The agency’s Enterprise Non-Performing Loan Sales Report said the loans included in the NPL sales had an average delinquency of 2.9 years and an average current mark-to-market loan-to-value ratio of 91 percent (not including capitalized arrearages).
The figures represent totals from the programs inception in 2014 through June 30.
However, FHFA also reported loans that have been delinquent for more than a year in the GSEs’ portfolios totaled 331,148 in the first six months of 2021–the highest point since 2015. At the end of 2020, the total was 79,591; two years ago, it was 51,512. The sharp increase occurred amid federal and other mortgage forbearance programs.
Other report findings:
–The average delinquency for pools sold ranged from 1.4 years to 6.2 years.
–Fannie Mae has sold 86,216 loans with an aggregate UPB of $15.8 billion, an average delinquency of 3.0 years and an average LTV of 89 percent.
–Freddie Mac has sold 44,592 loans with an aggregate UPB of $8.7 billion, an average delinquency of 2.8 years and an average LTV of 95 percent.
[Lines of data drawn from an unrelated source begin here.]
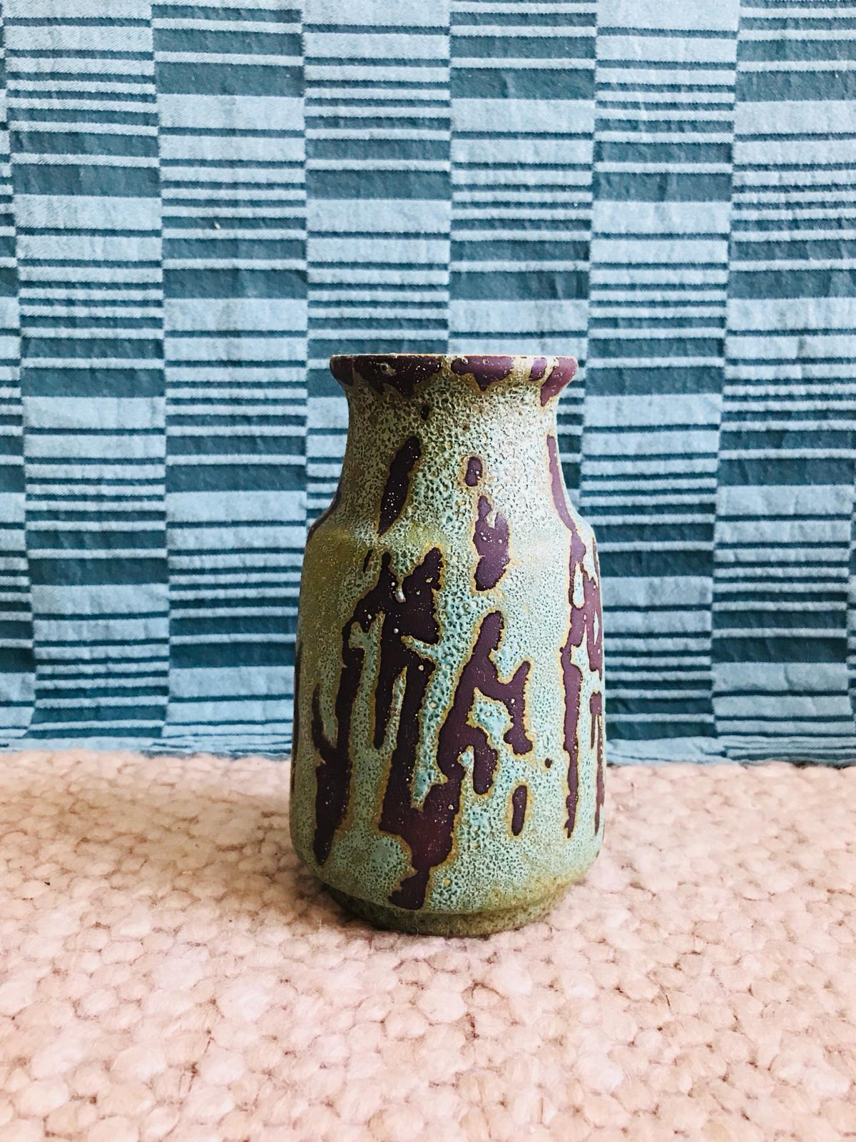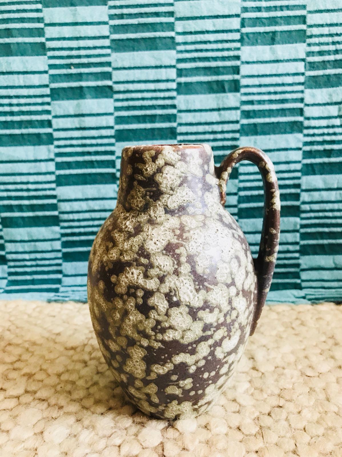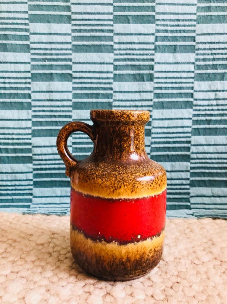 Diese bauchige Vase mit Henkel ist ein typisches Beispiel für deutsche Keramik der 60er und 70er-Jahre. Natürlich wusste ich das damals noch nicht. Ich fand sie in einem Badezimmer-Schrank, sie war versteckt im hintersten Winkel. Sie gefiel mir auf Anhieb und ich nahm sie mir als Erinnerungsstück mit.
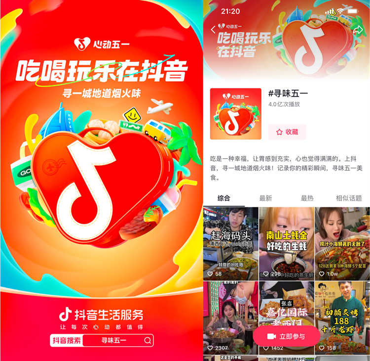 抖音生活服務「心動五一」打通“線上+線下”的經營場景,讓線上好商品、好內容與線下好門店、好生活自然關聯,滿足了消費者和商家的不同“心動”需求,讓“心動”變成“行動”,讓品牌聲量與生意銷量共存,也為商家的節點營銷打開了新局面。
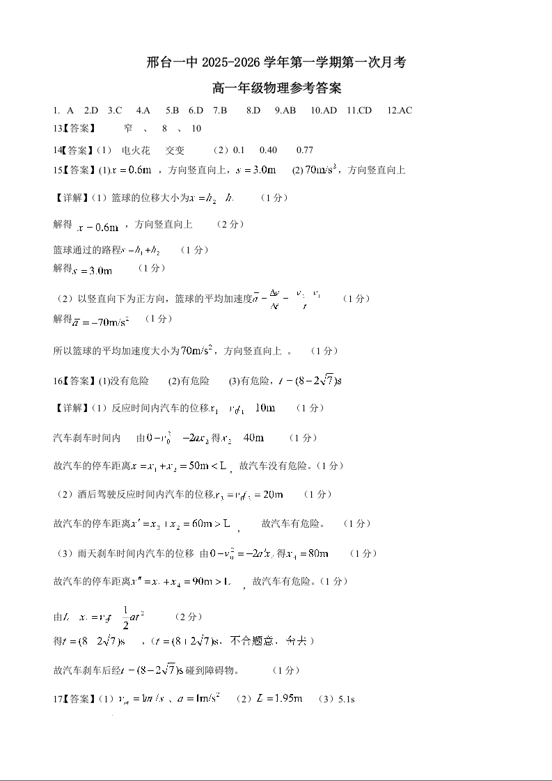 河北省邢台市第一中学2025-2026学年高一上学期9月月考 物理答案.docx
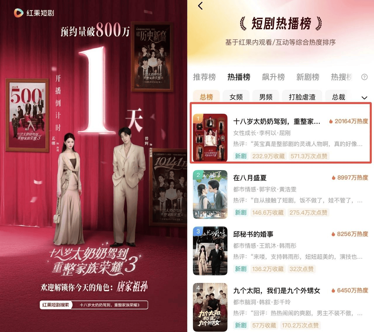 更绝的是每一季还有新太孙加入“纪家男模”战场,《太奶奶3》开播前就已经吸引了超800万预约,开播一天红果热度即破2亿、点赞近600万,剧集相关话题拿下抖音、微博多个热搜……这肉眼可见的泼天热度,谁不想接?剧粉们有福了,在红果追剧还能接太奶奶在线发福利。
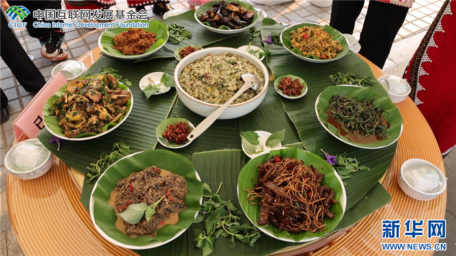 各式各样的少数民族美食(4月1日摄)。新华网发(澜沧县融媒体中心 供图)
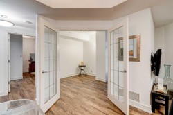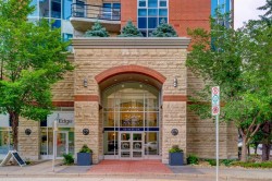 Sophisticated 1 bedroom + a den, 5th floor unit with downtown and river views. Ideally located in the heart of Eau Claire just one block from the Peace Bridge, Prince’s Island and the Bow River. This executive unit is stylishly designed with timeless finishes, central air conditioning and an open floor plan creating an airy ambience. Inspiring culinary exploration, the kitchen is the true hub of the home featuring granite countertops, stainless steel appliances, full-height cabinets and a full-sized centre island with a breakfast bar for casual eats. Gather over large meals or host guests in the adjacent dining room with unobstructed sightlines ensuring easy connectivity. Sit back and relax in front of the warm gas fireplace in the inviting living room or enjoy peaceful coffees on the balcony with east exposure for early morning sun. Downtown and river views provide the breathtaking backdrop to your summer barbeques and outdoor unwinding time. French doors lead to the den, perfect for guests or a home office. Retreat at the end of the day to the calming primary complete with access to the stylish 4-piece bathroom. Adding to your comfort and convenience are in-suite laundry, titled parking, a separate storage locker, a car wash and a full-time concierge. Truly an exceptional condo in an amenity-rich building that is an outdoor lover’s dream - walk or bike downtown, stroll along the river or visit the many shops, cafes and restaurants that this vibrant community has to offer. Close to the future green line and the new redevelopment site planned for the old market area. This outstanding location has it all! Condo fee includes ALL UTILITIES (except internet/TV).
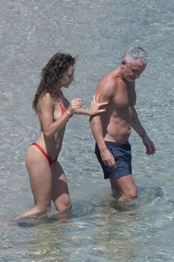 Raffaella Fico e Alessandro Moggi foram vistos na praia Lia em Mykonos, Grécia, 22/06/2018. O casal compartilhou seu amor no mar, beijando-se e abraçando-se. A italiana de 30 anos, showgirl, cantora e modelo, exibiu um corpo impressionante de biquíni.
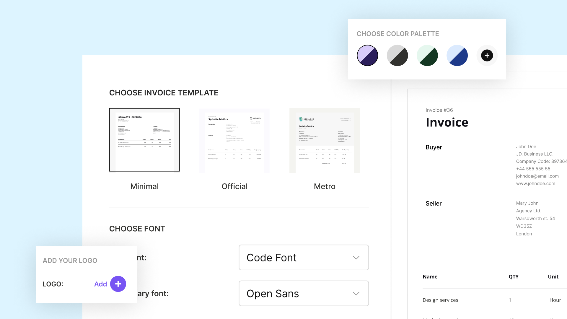 Design professional invoices using professional templates and this easy-to-use invoice builder
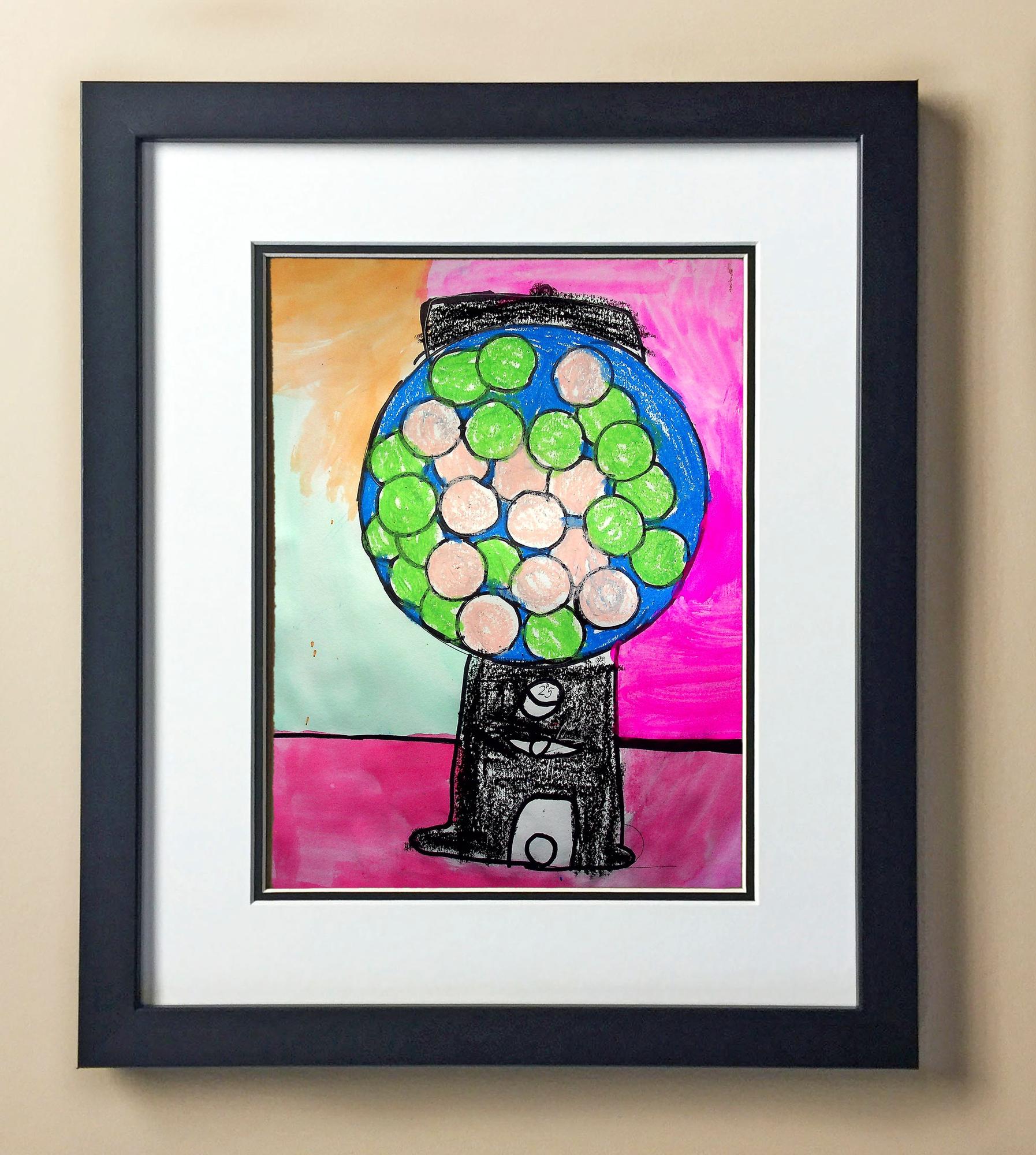Included with the purchase is the Students Artwork, Frame, double matboard, shatter proof plexiglass, and a ready to hang backerboard with turnbuttons
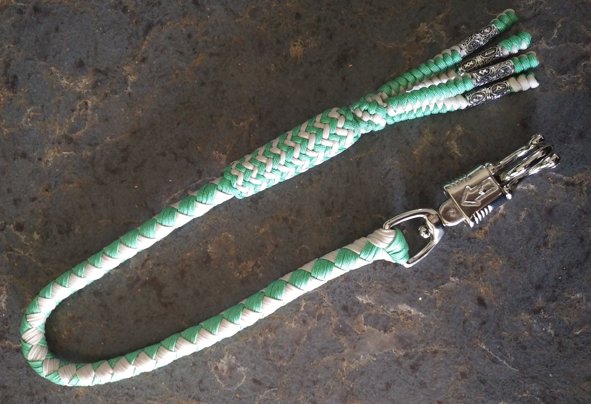 Made from 550 Paracord with almost 120 feet of paracord for each lanyard. See our blog post indicating what colors are available. Currently, lanyards are offered using only any 2 color combinations. Our paracord material is fade and UV resistant for long life.
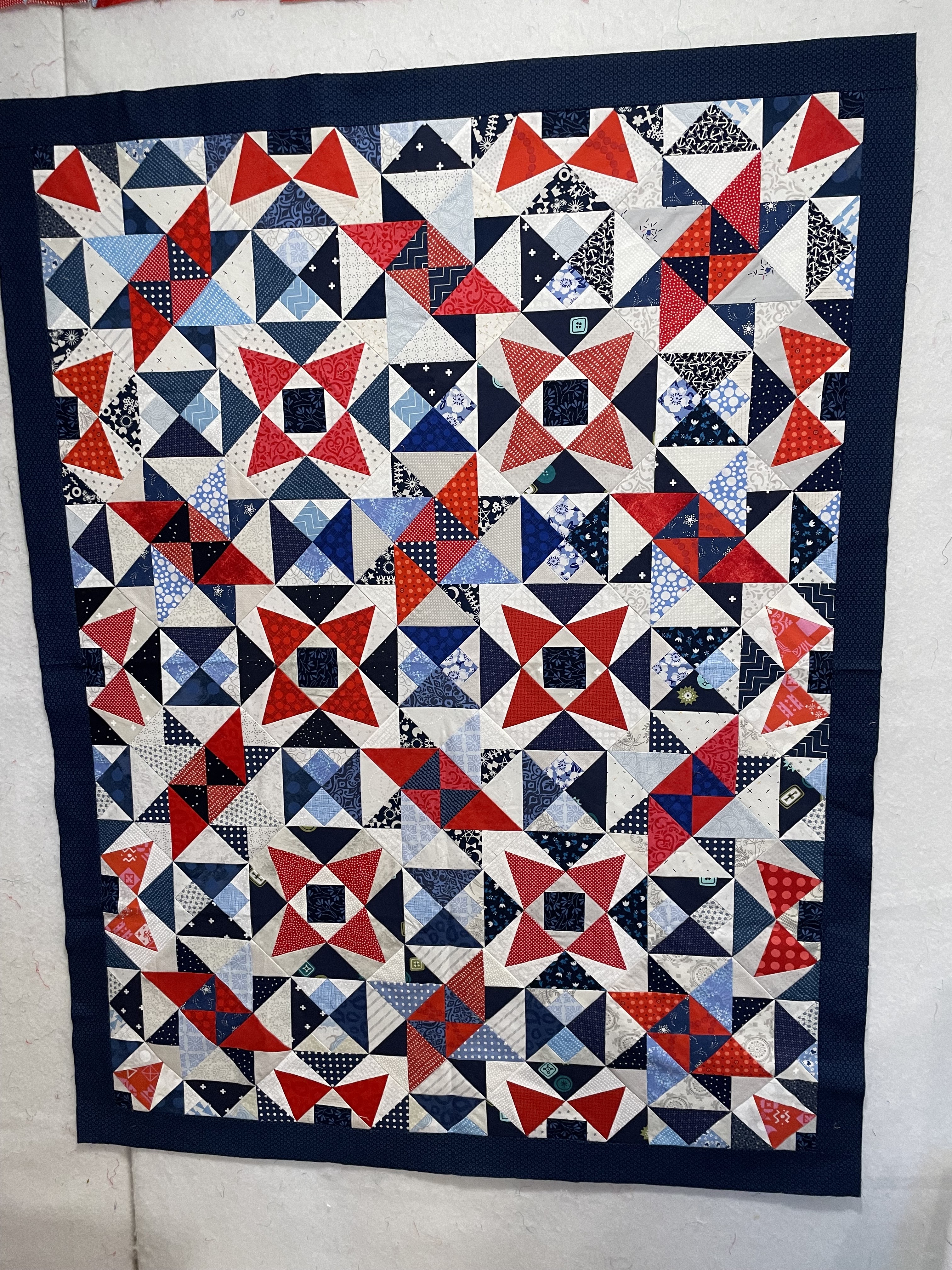 I used a leader/ender block I made during the process as the label. I estimate I used 3.75 yards of fabric from stash. To date, I've used four yards of fabric from stash. Total fabric purchased since my February fabric ban is 16 yards. I need to continue with the finishes to be able to count the fabric I've been using from my stash! This project finished at 37 inches wide by 34 inches high.
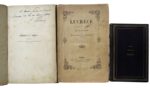 108. PONSARD (François). Réunion d’un jeu d’épreuves et deux ouvrages : • Lucrèce. Tragédie en cinq actes et en vers. Paris, Furne, 1843. Grand in-8, broché. (6)-83-(1) pp. Tache brune marginale sur 6 ff. Épreuves corrigées de la main de l’auteur comportant à presque toutes les pages des corrections essentiellement typographiques, mais également des fautes de frappe et quelques modifications de texte. • Lucrèce. Tragédie en cinq actes et en vers. 4e éd. Paris, Furne, 1843. In-12, reliure veau violet, dos à 4 faux-nerfs orné, jeu de filets dorés en encadrement sur les plats, inscription Pour Mademoiselle Lenoir au centre du premier plat, tranches dorées. Légers frottements sur les coupes. (6)-104 pp. Édition à la date de l’originale de cette pièce du dramaturge François Ponsard (1814-1867) qui fut interprétée par Marie Dorval à l’Odéon. • Charlotte Corday. Tragédie en cinq actes et en vers. 2e édition. Paris, E. Blanchard, 1850. In-8, reliure à la Bradel demi-percaline chocolat, pièce de titre basane verte, fleuron doré au dos. Couvertures conservées. (4)-156 pp. Rousseurs sur l’ensemble du volume. Édition à la date de l’originale avec un envoi signé de l’auteur : A Monsieur Frederick Lemaître hommage d’un de ses admirateurs.
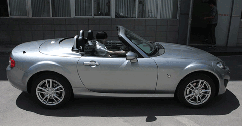 新一代車型并沒有延續使用上一代的那種織布頂棚,轉而使用了更實用的硬頂敞篷設計,精巧的頂棚只要12秒就能折起放進后備廂中,這個速度比許多軟頂敞篷車型還快。不過說實話,相比它合上蓋兒的樣子,敞開頂棚后的MX-5更迷人。
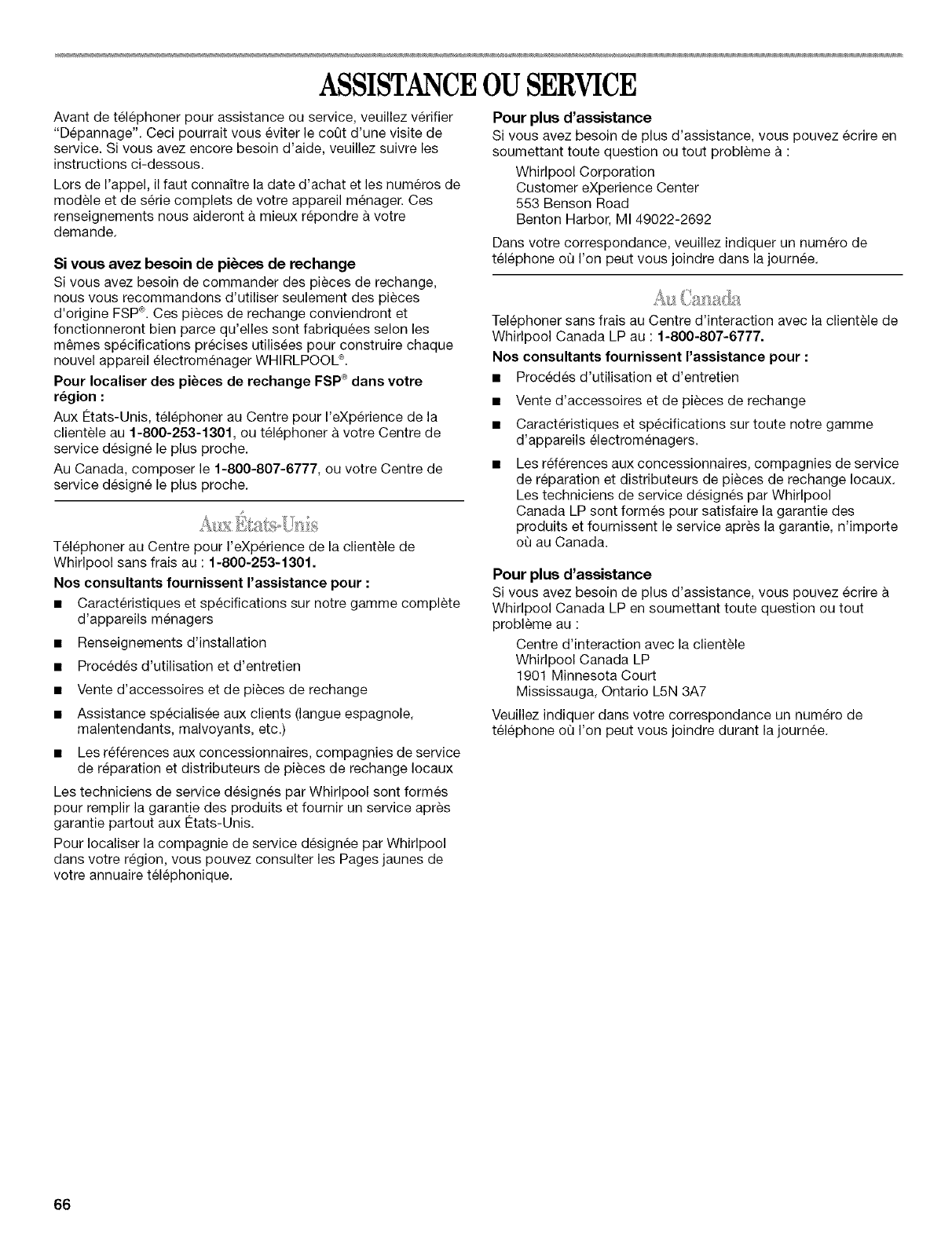 "Assistance ou service" ou en telephonant a notre Centre pour I'eXperience de la clientele au 1-800-253-1301, de n'importe ou aux 12.-

–NPLs in New Jersey, New York and Florida represented nearly half (43 percent) of the NPLs sold.
–Borrower outcomes, based on 128,087 NPLs that were settled by December 31, 2020 and reported as of June 30, 2021, found compared to a benchmark of similarly delinquent Enterprise NPLs that were not sold, foreclosures avoided for sold NPLs were higher than the benchmark.
–NPLs on homes occupied by borrowers had the highest rate of foreclosure avoidance outcomes (41.2 percent foreclosure avoided versus 17.1 percent for vacant properties).
–NPLs on vacant homes had a much higher rate of foreclosure, more than double the foreclosure rate of borrower-occupied properties (77.4 percent foreclosure versus 33 percent for borrower occupied properties). Foreclosures on vacant homes typically improve neighborhood stability and reduce blight as the homes are sold or rented to new occupants.
–The average UPB of NPLs sold was $187,588.
FHFA said sale of NPLs reduces the number of delinquent loans in the Enterprises’ portfolios and transfers credit risk to the private sector. FHFA and the Enterprises impose requirements on NPL buyers designed to achieve more favorable outcomes for borrowers than foreclosure.